» **WORK INSTRUCTION**: Please output the records below in full, exactly as given, but without the images.

----

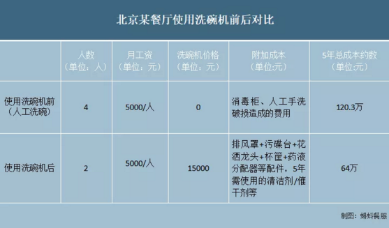 受用工荒、人工成本增加等因素影響,人工洗碗成本越發(fā)高漲。餐廳要盈利,改革迫在眉睫。
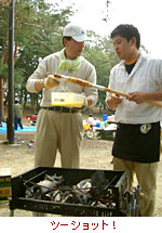 : まあーこんなトークしながら毎回、楽しくやってます。僕らがBBQするときは食材には糸目をつけません。近くのスーパーで、てー訳にはいきません。手に入りにくい食材は現地に直接TELしたり、輸入業者に問い合わせたりしてます。それと最近、ドラム缶を半分に切ったものを頂きましたので使用していますが、これは最強!どんなものでも焼ける!出来る!!後は、ひとつ一つの小さな知恵、一回一回の経験の積み重ねで、バーベキューをより美味しく楽しむことが出来ると思います。そして、もっとも大事なことは、ゴミの処理!最後まで気をつけたいものです。もちろん、火の後始末もお忘れなく!!おーい!あつみ君、今度、子豚丸一頭焼くぞーー。
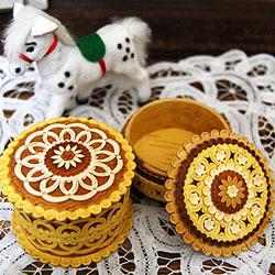 商品紹介: まるでケーキのような可愛いデザインのべレスタ。繊細にカットされた白樺を何層にも重ね生まれた小物入れ。
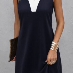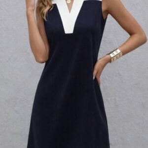 Kadın Askılı V Yakalı çift Renkli Kısa Viskon Iki Iplik Elbise
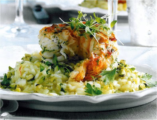6 To serve, force open shells more widely. Grasping meat with tongs, loosen at bottom and pull out. Place lobster on a bed of risotto. Nap with butter and juices from broiling pan; liberally sprinkle with pistachios. Serve right away.
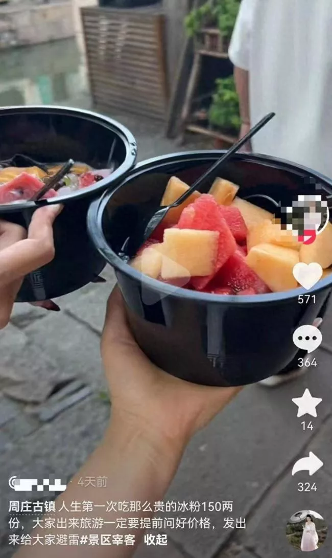 这种事不是偶然:周庄两份普通冰粉卖150元,重庆某古镇6块散装糖要收466元,商家全拿“你自己不看价”当借口。
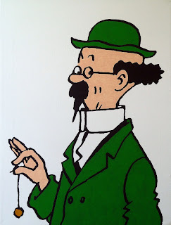 D'après l'illustration de l'album de HERGE Les Aventures deTintin - L'affaire Tournesol, page 54, case 3, et également à partir de l'illustration dans la galerie de portraits dans les pages de garde bleu clair des albums.
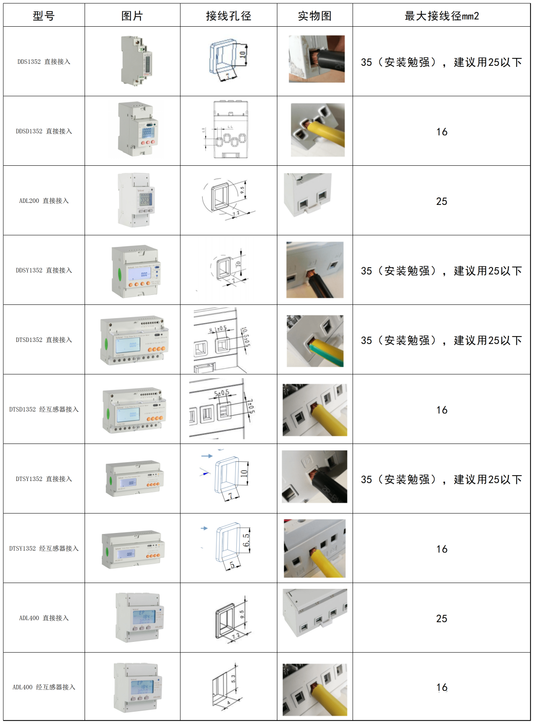 直接接入線徑

----

» **TASK OUTPUT**:
 受用工荒、人工成本增加等因素影響,人工洗碗成本越發(fā)高漲。餐廳要盈利,改革迫在眉睫。
 : まあーこんなトークしながら毎回、楽しくやってます。僕らがBBQするときは食材には糸目をつけません。近くのスーパーで、てー訳にはいきません。手に入りにくい食材は現地に直接TELしたり、輸入業者に問い合わせたりしてます。それと最近、ドラム缶を半分に切ったものを頂きましたので使用していますが、これは最強!どんなものでも焼ける!出来る!!後は、ひとつ一つの小さな知恵、一回一回の経験の積み重ねで、バーベキューをより美味しく楽しむことが出来ると思います。そして、もっとも大事なことは、ゴミの処理!最後まで気をつけたいものです。もちろん、火の後始末もお忘れなく!!おーい!あつみ君、今度、子豚丸一頭焼くぞーー。
 商品紹介: まるでケーキのような可愛いデザインのべレスタ。繊細にカットされた白樺を何層にも重ね生まれた小物入れ。
 Kadın Askılı V Yakalı çift Renkli Kısa Viskon Iki Iplik Elbise
6 To serve, force open shells more widely. Grasping meat with tongs, loosen at bottom and pull out. Place lobster on a bed of risotto. Nap with butter and juices from broiling pan; liberally sprinkle with pistachios. Serve right away.
 这种事不是偶然:周庄两份普通冰粉卖150元,重庆某古镇6块散装糖要收466元,商家全拿“你自己不看价”当借口。
 D'après l'illustration de l'album de HERGE Les Aventures deTintin - L'affaire Tournesol, page 54, case 3, et également à partir de l'illustration dans la galerie de portraits dans les pages de garde bleu clair des albums.
 直接接入線徑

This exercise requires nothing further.